> Exercise data
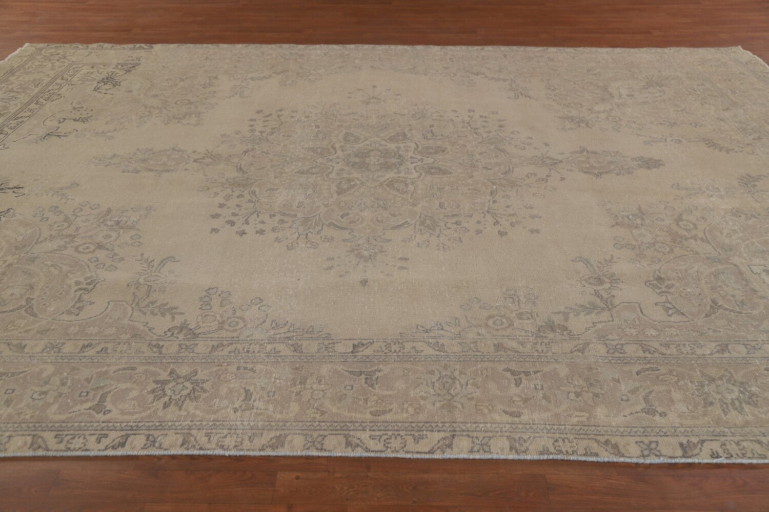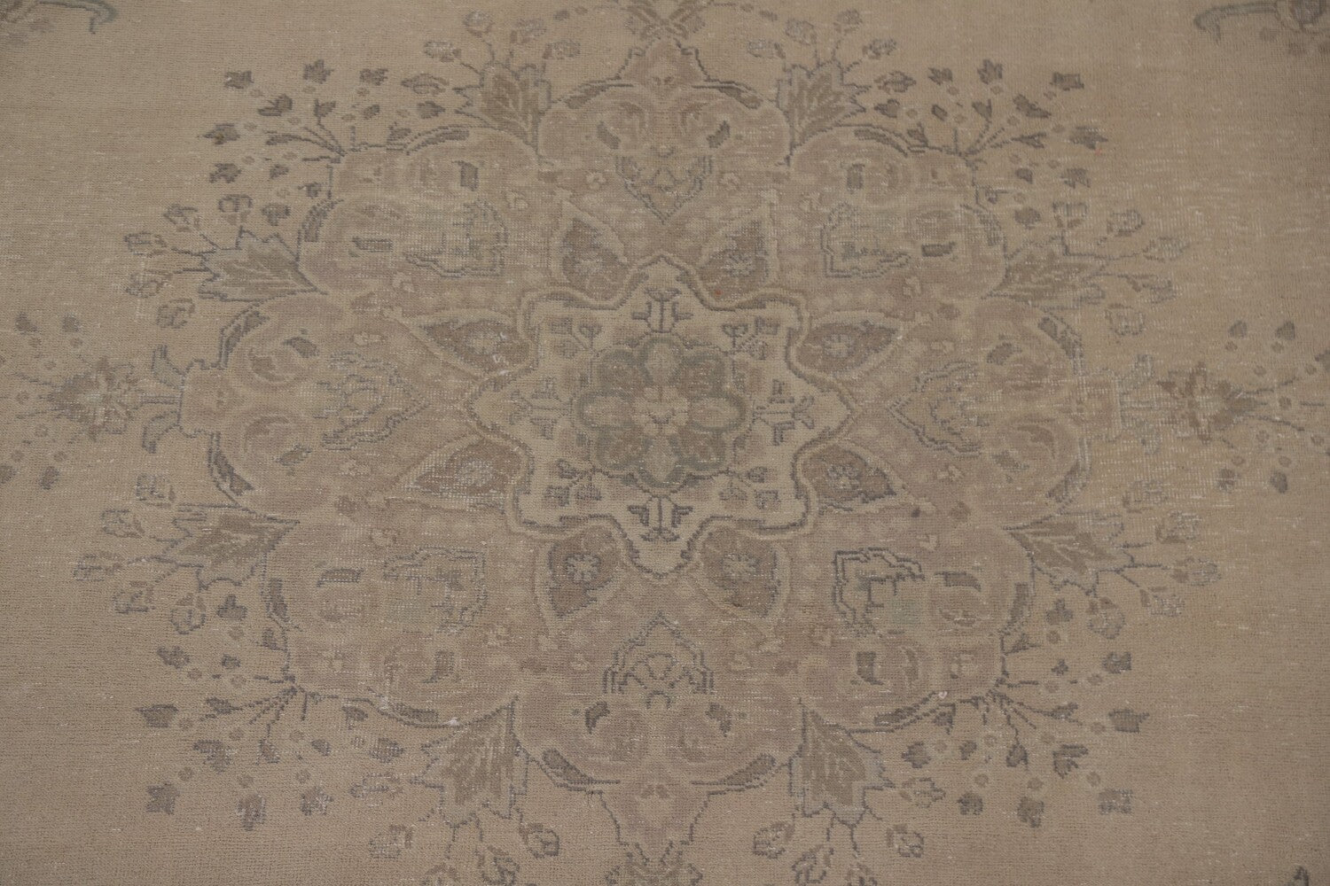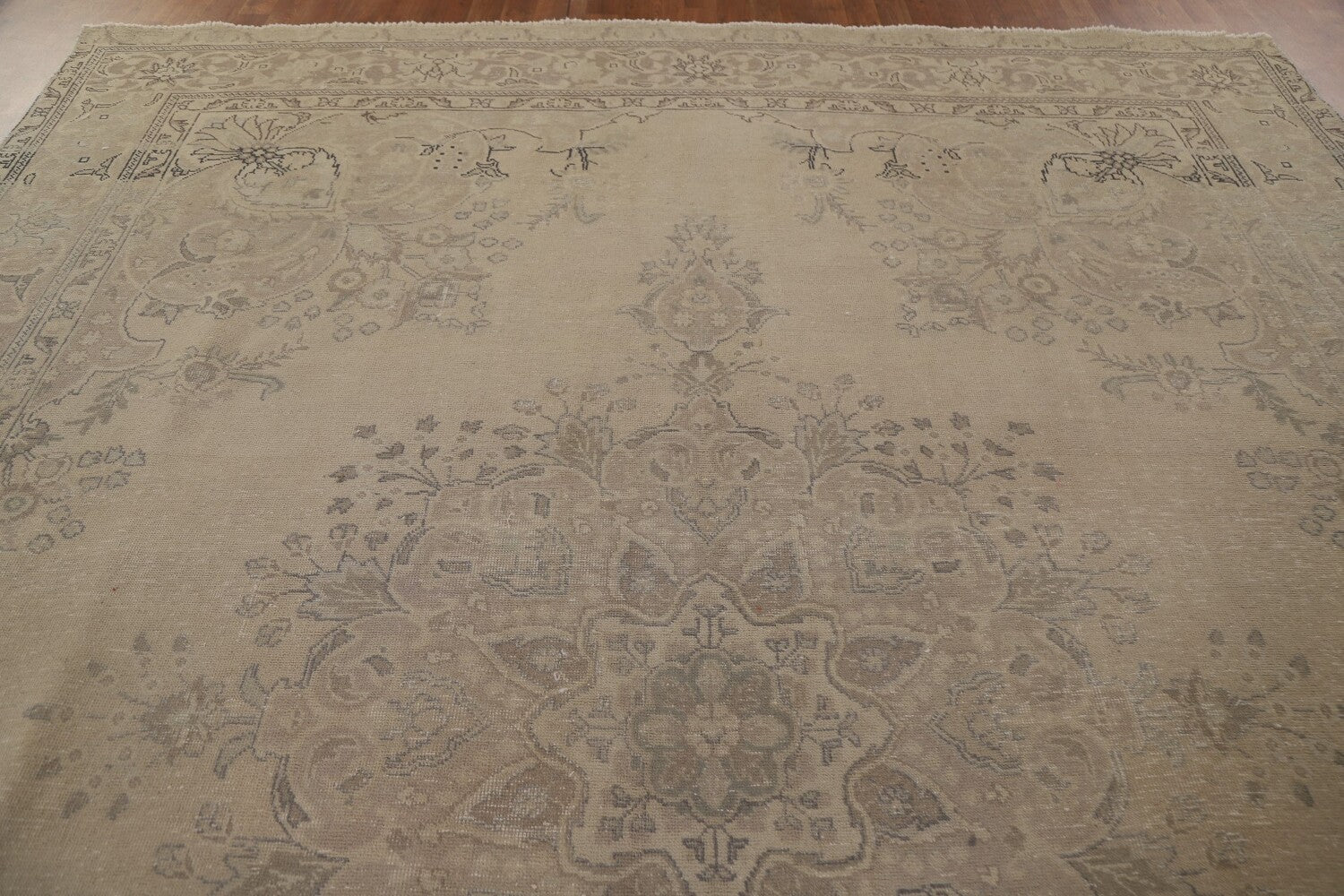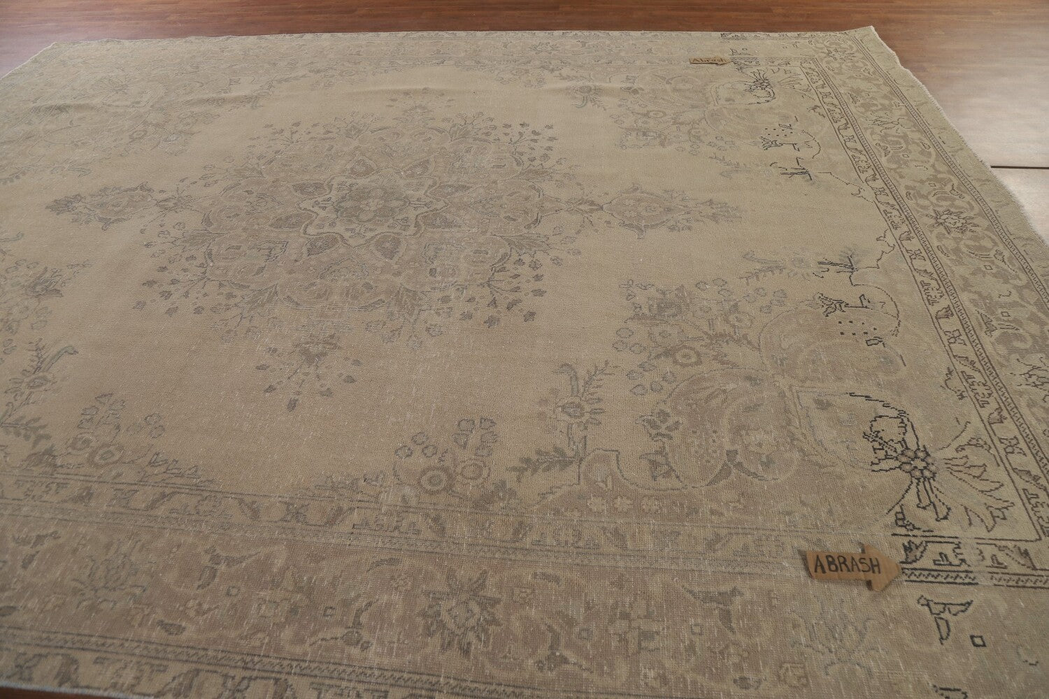 A Beautiful Genuine Persia ( Persia ) Tabriz rug is Hand Knotted by skillful weavers in Persia ( Persia ) with 100% Wool Material. This rug is in Very Good (Evenly Low Pile-Abrash) condition. dimensions are 12' 6'' X 9' 6'' in foot and 381 X 290 in centimeter. the primary color is Beige & Ivories.
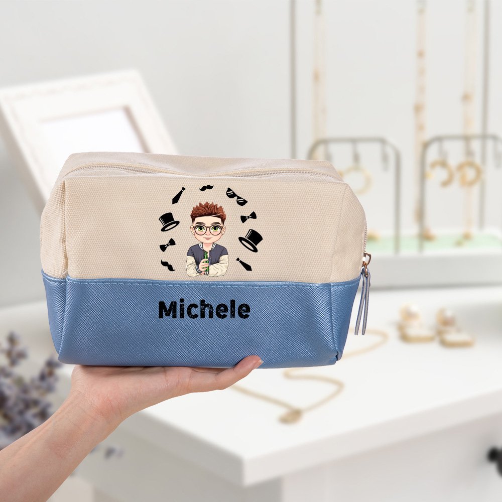 Questa borsa da toilette per uomo è un accessorio unico, personalizzabile con i tuoi personaggi dei cartoni animati preferiti. Ogni dettaglio, dall'abbigliamento agli accessori, rispecchia uno stile raffinato e moderno. Aggiungendo un nome personalizzato, la borsa diventerà il tuo compagno di viaggio esclusivo e inconfondibile.
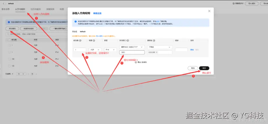 入方向上放行 3000 端口,确认配置即可。

> Task goal
Reproduce all of the data exactly, omitting each picture it holds.

> Result for this task
 A Beautiful Genuine Persia ( Persia ) Tabriz rug is Hand Knotted by skillful weavers in Persia ( Persia ) with 100% Wool Material. This rug is in Very Good (Evenly Low Pile-Abrash) condition. dimensions are 12' 6'' X 9' 6'' in foot and 381 X 290 in centimeter. the primary color is Beige & Ivories.
 Questa borsa da toilette per uomo è un accessorio unico, personalizzabile con i tuoi personaggi dei cartoni animati preferiti. Ogni dettaglio, dall'abbigliamento agli accessori, rispecchia uno stile raffinato e moderno. Aggiungendo un nome personalizzato, la borsa diventerà il tuo compagno di viaggio esclusivo e inconfondibile.
 入方向上放行 3000 端口,确认配置即可。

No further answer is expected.